### [WORK REQUIRED]
Every line below must come back exactly as it stands, with the images omitted.

### [DATA]
========
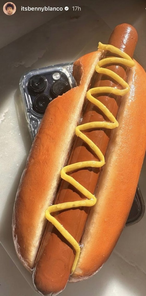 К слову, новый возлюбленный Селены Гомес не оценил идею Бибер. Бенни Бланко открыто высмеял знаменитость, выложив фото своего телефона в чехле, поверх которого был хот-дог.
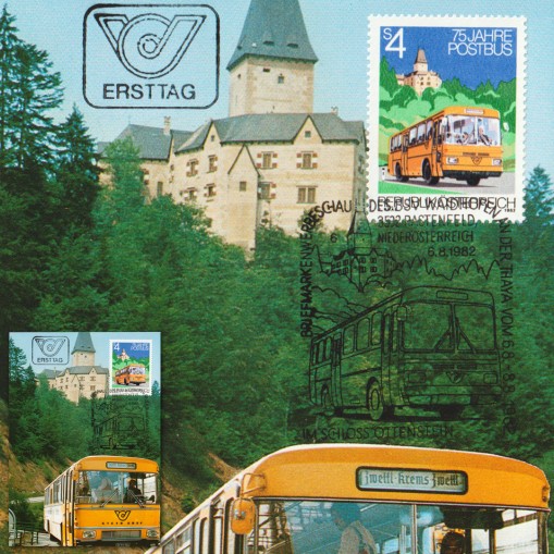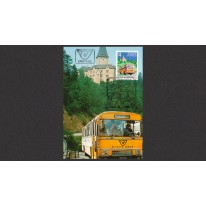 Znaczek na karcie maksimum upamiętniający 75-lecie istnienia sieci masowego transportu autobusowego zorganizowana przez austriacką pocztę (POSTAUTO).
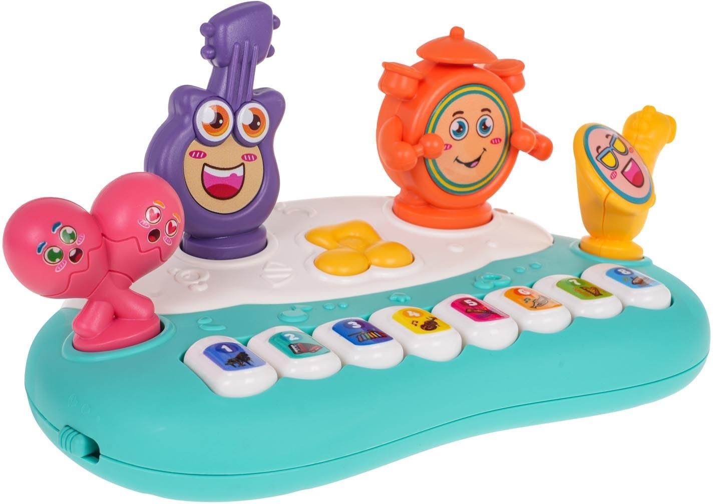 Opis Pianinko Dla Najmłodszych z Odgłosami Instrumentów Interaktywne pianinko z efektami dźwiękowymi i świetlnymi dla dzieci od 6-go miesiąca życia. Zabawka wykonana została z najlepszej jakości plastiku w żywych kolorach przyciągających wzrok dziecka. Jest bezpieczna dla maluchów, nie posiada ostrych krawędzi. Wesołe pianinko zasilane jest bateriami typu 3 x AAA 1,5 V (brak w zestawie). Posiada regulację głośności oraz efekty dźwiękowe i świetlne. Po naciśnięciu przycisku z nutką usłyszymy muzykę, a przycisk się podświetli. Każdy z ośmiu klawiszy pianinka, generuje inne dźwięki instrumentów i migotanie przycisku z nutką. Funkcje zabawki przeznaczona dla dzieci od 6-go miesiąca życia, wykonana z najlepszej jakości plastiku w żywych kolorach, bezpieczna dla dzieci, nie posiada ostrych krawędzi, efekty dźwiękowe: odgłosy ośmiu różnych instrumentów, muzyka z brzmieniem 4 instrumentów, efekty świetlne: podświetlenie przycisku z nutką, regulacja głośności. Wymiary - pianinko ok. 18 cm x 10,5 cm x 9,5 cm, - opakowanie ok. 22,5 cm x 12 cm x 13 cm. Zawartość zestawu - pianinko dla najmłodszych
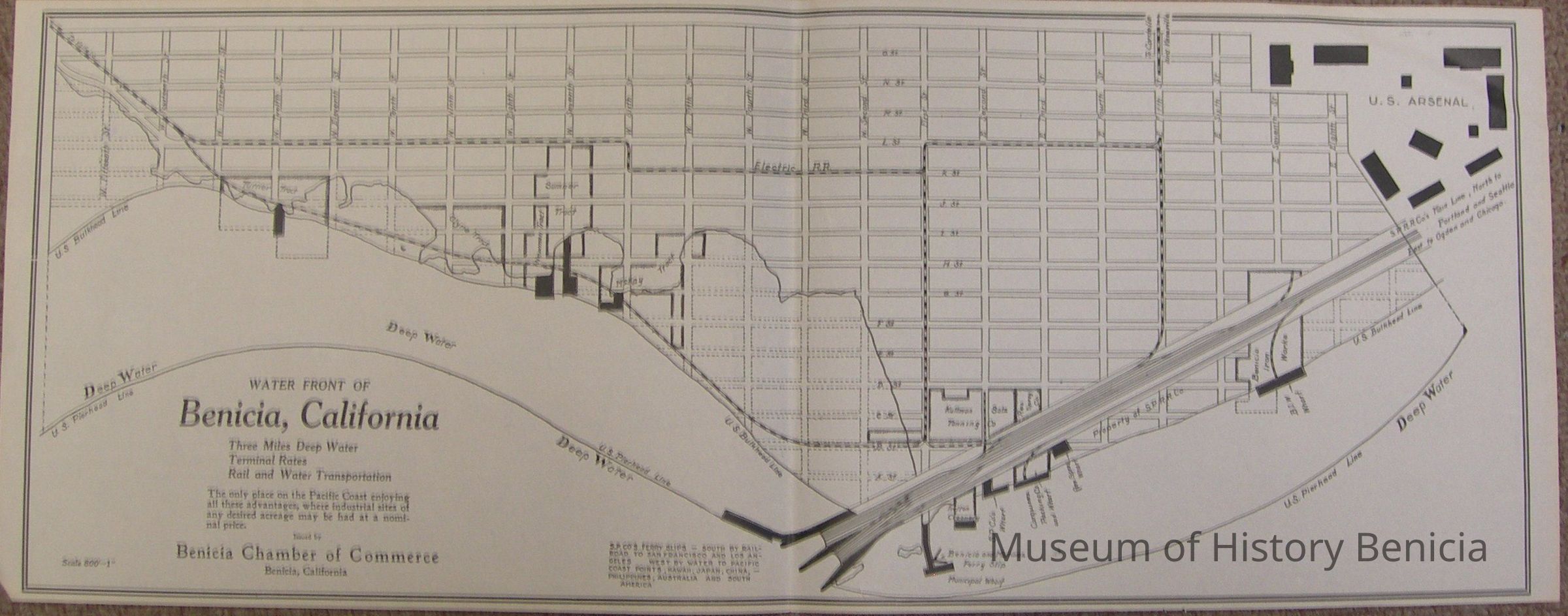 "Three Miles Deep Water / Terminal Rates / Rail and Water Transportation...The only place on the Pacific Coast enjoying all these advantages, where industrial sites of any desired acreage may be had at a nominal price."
========
### [TASK RESULT]
 К слову, новый возлюбленный Селены Гомес не оценил идею Бибер. Бенни Бланко открыто высмеял знаменитость, выложив фото своего телефона в чехле, поверх которого был хот-дог.
 Znaczek na karcie maksimum upamiętniający 75-lecie istnienia sieci masowego transportu autobusowego zorganizowana przez austriacką pocztę (POSTAUTO).
 Opis Pianinko Dla Najmłodszych z Odgłosami Instrumentów Interaktywne pianinko z efektami dźwiękowymi i świetlnymi dla dzieci od 6-go miesiąca życia. Zabawka wykonana została z najlepszej jakości plastiku w żywych kolorach przyciągających wzrok dziecka. Jest bezpieczna dla maluchów, nie posiada ostrych krawędzi. Wesołe pianinko zasilane jest bateriami typu 3 x AAA 1,5 V (brak w zestawie). Posiada regulację głośności oraz efekty dźwiękowe i świetlne. Po naciśnięciu przycisku z nutką usłyszymy muzykę, a przycisk się podświetli. Każdy z ośmiu klawiszy pianinka, generuje inne dźwięki instrumentów i migotanie przycisku z nutką. Funkcje zabawki przeznaczona dla dzieci od 6-go miesiąca życia, wykonana z najlepszej jakości plastiku w żywych kolorach, bezpieczna dla dzieci, nie posiada ostrych krawędzi, efekty dźwiękowe: odgłosy ośmiu różnych instrumentów, muzyka z brzmieniem 4 instrumentów, efekty świetlne: podświetlenie przycisku z nutką, regulacja głośności. Wymiary - pianinko ok. 18 cm x 10,5 cm x 9,5 cm, - opakowanie ok. 22,5 cm x 12 cm x 13 cm. Zawartość zestawu - pianinko dla najmłodszych
 "Three Miles Deep Water / Terminal Rates / Rail and Water Transportation...The only place on the Pacific Coast enjoying all these advantages, where industrial sites of any desired acreage may be had at a nominal price."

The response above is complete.